I'm not sure if this has been posted or discussed, but I don't see it, and this article went up two days ago.



If you don't know, Battle Rifle Company received one of the worst AR company reviews I've ever seen, once upon a time. But it looks like they've seriously cleaned up, and it's nice to clean up their reputation.

http://www.thefirearmblog.com/blog/2014/05/12/battle-rifle-company-vengeance/

Thanks all!!
 
They might have cleaned up their act, but, imho, it's a day late and a dollar short. In this highly competitive AR market, if you're a new kid on the block, and you screwed up big time right out of the gate, it's over.
You don't get a second chance to make the first impression.
 
There's just nothing I hate more than to see a business fail.
Now, when the review first came a while back, I couldn't care less because they were doing a crappy job. But hey, that tour of their shop and up to date methods sure seems nice to me.

Another thing, I haven't heard of a shop where a customer can walk in and have an AR built right there, from the parts they pick out. Neat idea, if that's what they're doing.
They might have just done it for the reviewer, I don't know.

But it's pretty surprising that a company contacted them for a re review, after admitting they first performed poorly.
It's a really good story to me.
 
I remember these guys, they had AR's at SHOT Show with exposed gas blocks, said it was intentional and claimed some undisclosed government agency was buying a bunch of them because they looked bada**.

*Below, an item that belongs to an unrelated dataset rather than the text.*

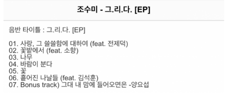 피쳐링을하신다른분들도 정말어마무시한가수분들이신데 그사이에 아이돌이 무려솔로곡으로 트랙의한부분을 채운다는점에대해 팬으로써 정말 자랑스럽고 영광임ㅋㅋㅋㅋㅋ
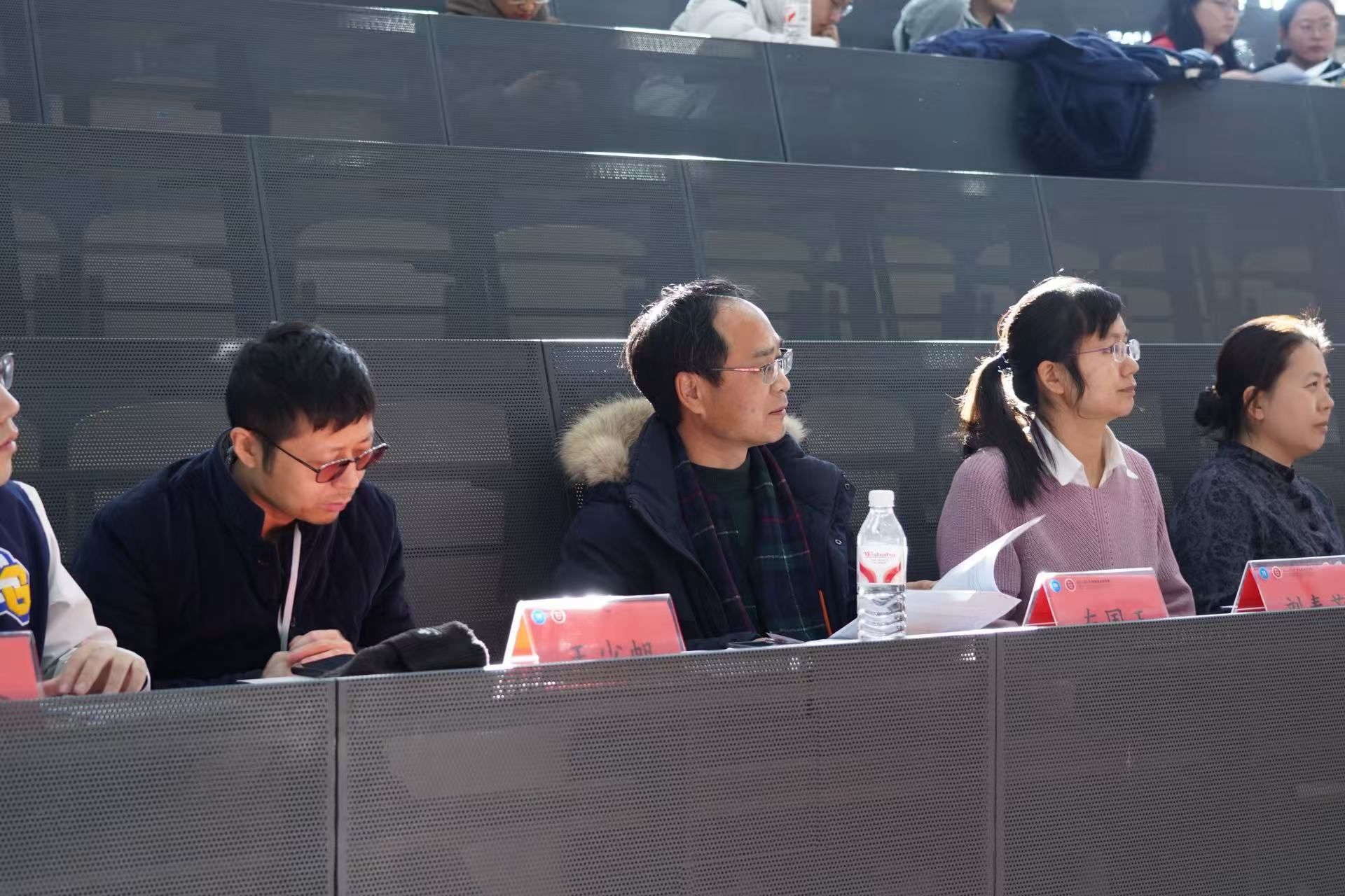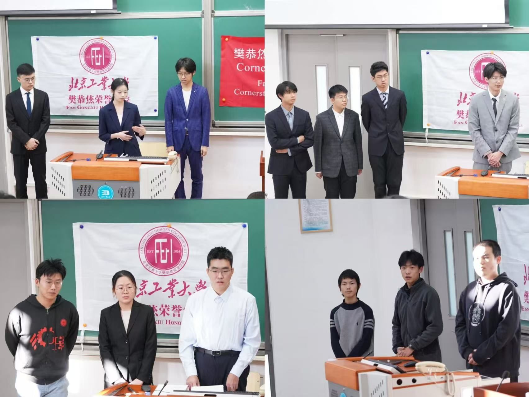 院长李洪义教授、副院长袁莉敏、陈春跃老师,以及综合事务办戴璐老师。本次汇报会学院邀请了电子信息工程专业校友王睿涵、数字媒体技术专业庞子烁电子科学技术专业李定坤以及计算机科学技术专业周琮林、晏子尧共同参与。学院2024级、2025级全体同学听取了汇报会。

Good luck to them I suppose, but yeah, it's a tough market even for companies without such a humiliating start to their existence.
 
12131 said:
They might have cleaned up their act, but, imho, it's a day late and a dollar short. In this highly competitive AR market, if you're a new kid on the block, and you screwed up big time right out of the gate, it's over.
You don't get a second chance to make the first impression.
Exactly. As long as this company is under the same ownership, that means whatever caused them to screw up so badly is still there. Read a few reviews of their products from the SHOT show:

http://www.thefirearmblog.com/blog/2013/05/07/battle-rifle-company-ar-platform-rifles/

http://vuurwapenblog.com/2013/05/04/pretty-much-the-worst-ar-15s-ive-ever-seen/


Then read some of the owner's posts on a popular AR forum:

http://www.m4carbine.net/showthread.php?115755-Battle-Rifle-Company&p=1634849#post1634849

That's the post where he makes excuses for the inexcusable: specifically, the exposed gas tube. And then go look at some of the first few pages in that thread (everything before page 6 is from before SHOT), his rhetoric is full of marketing jargon without a lot of substance. He talks a lot about their "custom" triggers, but then when they got to SHOT show all the reviewers agreed that their "custom" triggers were worse than standard AR triggers.

I'm impressed that the owner managed to stay professional and courteous in the face of all that criticism, but that's about all I'm impressed about. If the company made such bad products and then proudly displayed those products at the SHOT show, then something was obviously fundamentally wrong with the company: They obviously had a serious quality-control issue that seems to have been combined with an overall lack of knowledge about the AR platform.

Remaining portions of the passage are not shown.